■ **What is needed**
Please reproduce all of the data exactly as it appears, but skip the pictures.

■ **Given information**
----------------------------------------

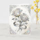 Silver and white roses, a silver frame, and two silver wedding rings makes this the perfect card for a 25th wedding anniversary.
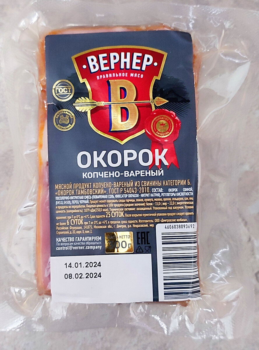 Друзья, всем привет! Заскакивал на днях в Чижик и увидел несколько мясных новинок. Конечно же решил попробовать. До этого я пробовал почти всю продукцию Вернер. Что то было хорошее, что то не очень. Говорю сразу, это не реклама, а обычный отзыв или обзор продуктов. Окорок копчено-вареный "Тамбовский" категории Б. Цена 199 рублей. Состав: окорок свиной, посолочно-нитритная смесь (поваренная соль, фиксатор окраски- нитрит натрия), регуляторы кислотности (Е451l, Е450l), перец чёрный. Сделано по ГОСТ Р54043-2010. Изготовитель: ООО "Дмитровский колбасы", г. Дмитров. Срок годности 25 суток. Вот так выглядит мясо. Есть вкрапления жира. Мясо суховатое. Соли и специй добавлено в меру. По вкусу очень похоже на грудинку, которую я обозревал до этого. Изготовитель то же оказался, в чем я не удивлён. Реально как будто одно и тоже мясо. В принципе обычное мясо. Но стоит как мне кажется дороговато. В других магазинах по акции можно найти такой окорок намного дешевле. Буженина "По-домашнем
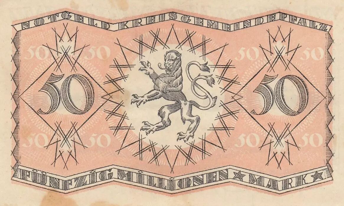 Billet Allemagne 50 000 000 Mark - Ville de Pfalz - Numéro 739131 - 1923

----------------------------------------

■ **Task result**
 Silver and white roses, a silver frame, and two silver wedding rings makes this the perfect card for a 25th wedding anniversary.
 Друзья, всем привет! Заскакивал на днях в Чижик и увидел несколько мясных новинок. Конечно же решил попробовать. До этого я пробовал почти всю продукцию Вернер. Что то было хорошее, что то не очень. Говорю сразу, это не реклама, а обычный отзыв или обзор продуктов. Окорок копчено-вареный "Тамбовский" категории Б. Цена 199 рублей. Состав: окорок свиной, посолочно-нитритная смесь (поваренная соль, фиксатор окраски- нитрит натрия), регуляторы кислотности (Е451l, Е450l), перец чёрный. Сделано по ГОСТ Р54043-2010. Изготовитель: ООО "Дмитровский колбасы", г. Дмитров. Срок годности 25 суток. Вот так выглядит мясо. Есть вкрапления жира. Мясо суховатое. Соли и специй добавлено в меру. По вкусу очень похоже на грудинку, которую я обозревал до этого. Изготовитель то же оказался, в чем я не удивлён. Реально как будто одно и тоже мясо. В принципе обычное мясо. Но стоит как мне кажется дороговато. В других магазинах по акции можно найти такой окорок намного дешевле. Буженина "По-домашнем
 Billet Allemagne 50 000 000 Mark - Ville de Pfalz - Numéro 739131 - 1923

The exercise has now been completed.